I have a HPE PROLIANT DL120 GEN9 with HPE Dynamic Smart Array B140i Controller, where I will love to install FreeBSD for my first time.

I have 4 1tb sata disk I would like to setup in a RAID 5 array. This is just my initial though, I am very open for alternatives. My primary concern is to have some protection from disk failure and second gaining some reading speed from stripe. 

My first naive solution was to use the supported b140i controller and create a RAID 5 array from the "HPE Smart Storage Administrator". But apparently the logical device wasn't registered by FreeBSD. 

Back to the internet, I've found two discussions about this topic:
[1]: https://lists.freebsd.org/pipermail/freebsd-hardware/2015-December/007730.html
[2]: https://forums.freebsd.org/threads/52588/#post-307910

The solution discussed in 1, is to turnoff the software RAID in BIOS and disable the
HP Dynamic Smart Array Bxxxi RAID Controller.

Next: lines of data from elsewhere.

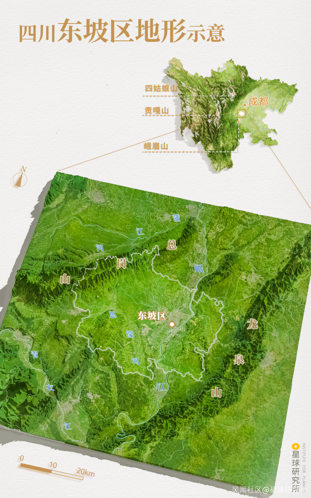 東坡區地形及位置示意圖,眉山縣於2000年改為東坡區 | 製圖@張威@星球研究所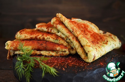 Рецепт «Сырные блины с зеленью и паприкой»: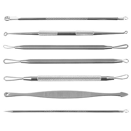- UNIVERSAL - a set of 7 double-sided spoons for safe removal of blackheads, pimples and blackheads. Professional loop spoons are designed for work with blackheads and other facial impurities. They are perfect for removing pimples even from hard-to-reach places.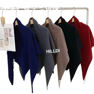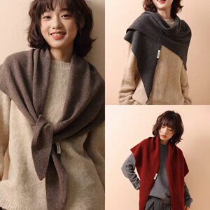 澳洲100%纯羊毛暗花三角披肩秋冬女保暖百搭高级感镂空外搭两用围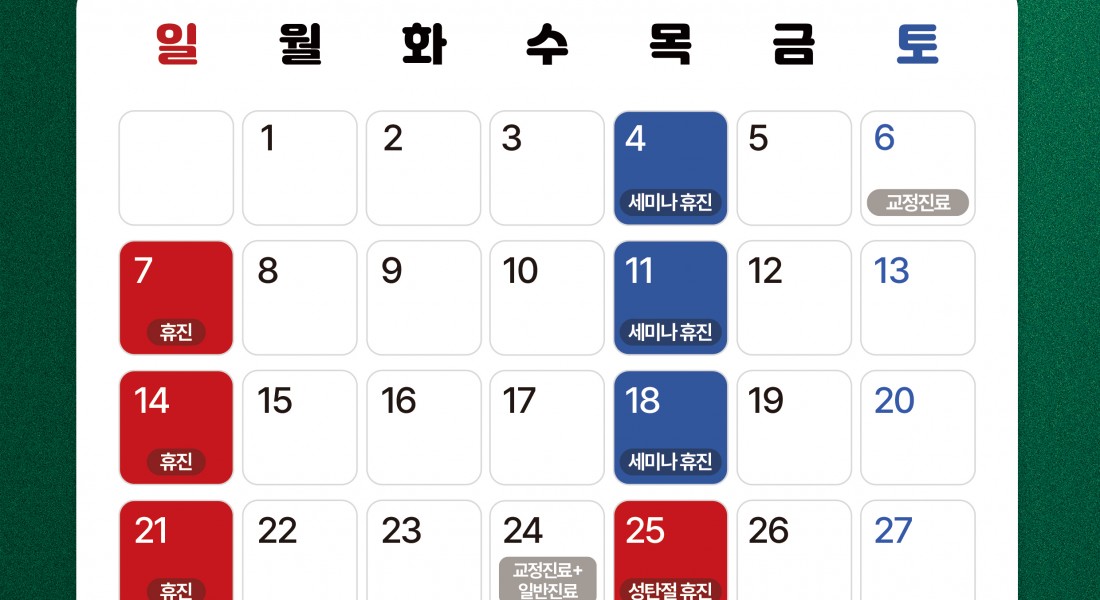 진료일정을 참고하시어 예약 및 내원에 불편함 없으시길 바랍니다.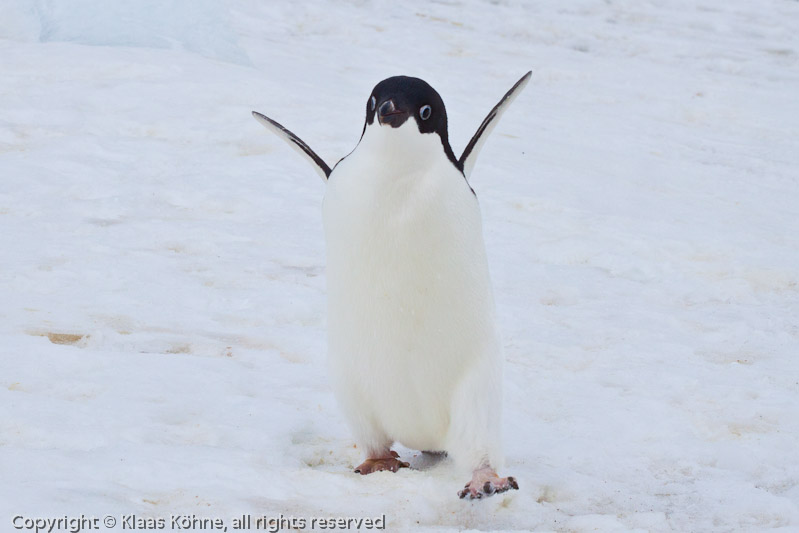 Einzelner Adeliepinguin (Pygoscelis adeliae) auf Schneeboden mit erhobenen Flügeln.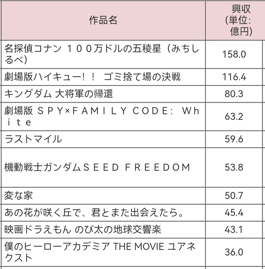 去年,日本票房前六中四部是动画电影,包括《名侦探柯南:百万美元的五棱星》《排球少年!!垃圾场决战》《间谍过家家 代号:白》《机动战士高达SEED FREEDOM》。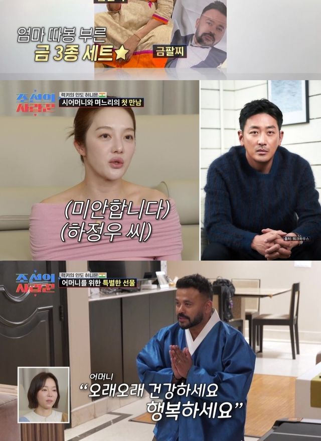 럭키의 본가에서는 어머니의 따뜻한 인도식 환영 인사가 이어졌다. 럭키 부부가 준비한 각종 금 장신구에 화답하듯, 어머니는 보석이 박힌 황금 팔찌 4개와 막내며느리를 위해 30년간 간직한 황금 예물 세트를 건네 감동을 자아냈다.

Does anyone have a good idea how I could setup the disks for installing FreeBSD?


----------



## tetragir (Apr 22, 2017)

Hi
You can turn off the RAID controller and just use ZFS to set up the disks the way you want.
Please read the ZFS section of the handbook: https://www.freebsd.org/doc/handbook/zfs.html
There are also 2 recent books about ZFS: http://zfsbook.com


----------



## gkontos (Apr 22, 2017)

Like suggested above, use JBOD and set up ZFS. The installer in FreeBSD 11.0-RELEASE does a good job for root on ZFS.


----------